• Question: how much of the film'the martian ' is real?

    Asked by ThePyroMatt to Vinita, Kirsty, Col Op, Charlie 🚀, Andrea on 15 Jun 2016.
    • Photo: Andrea Boyd

      Andrea Boyd answered on 15 Jun 2016:


      A fair amount. We all went together (all the astronauts, astronaut trainers, eurocoms, space doctors and space engineers and scientists from my workplace) and watched it when it first came out in the cinema – so much fun.

      The storm at the start was unlikely to happen so fast and like that. The author knew this but he needed something to kick start the movie. There really are giant tornado dust storms though like you see in other scenes.

      The crew attitudes and interaction were very realistic and so was mission control. You can see everyone is calm, gets along and works together – they have disagreements but they back each other up for the big picture. In films like Gravity and Interstellar all the yelling and crying was ridiculous because those people would never have passed astronaut selection.

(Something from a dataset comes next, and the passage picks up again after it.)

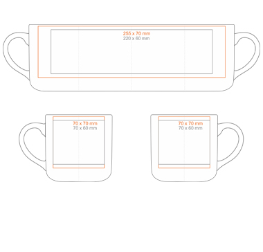 Stampa sul manico (90x10 mm) Stampa interna (50x15 mm) Stampa sul fondo interno (ø55 mm) Stampa sul fondo esterno (ø45 mm) Stampa sul bordo Colorazione del bordo con riga fatta a mano Stampa nominale |
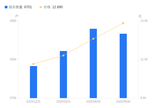 近一年(2024年9月30日至2025年9月30日),卓然股份A股股东户数从5689户,增加至6701户,增幅17.79%,区间股价上涨14.48%。

      You always see the same people on console in the mission control room – that’s so you know the characters for the film – in real life there are hundreds of mission controller so you would have different people on console. There is more than one flight director etc… 😉

      It’s possible to use old landers like pathfinder to communicate with Earth if you replace the batteries.

      On Mars there’s much less gravity so you would walk funny – he walked and moved pretty normally in the film – it wouldn’t be like that in real life.

      Things can be grown in Martian soil if you mix it with the right other things – we have some simulations with that and have grown plants just fine.

      Martime law doesn’t apply on other planets – there are actual space laws for that – so sorry he’s not a space pirate 😉

      He would have suffered a ridiculous amount of radiation being on Mars for a year and didn’t go underground or have special protection plus the radioisotope for heating… so I don’t think he would have lived for so long to be an old guy teaching at the end… he would have died of cancer.

      The habitat is really good. All of it – really really realistic. I’m not sure about sealing with duct tape when there was an explosion because it’s a good idea but wouldn’t really hold so well for such a pressure. Better to seal one of the internal hatches and just use a smaller overall habitat.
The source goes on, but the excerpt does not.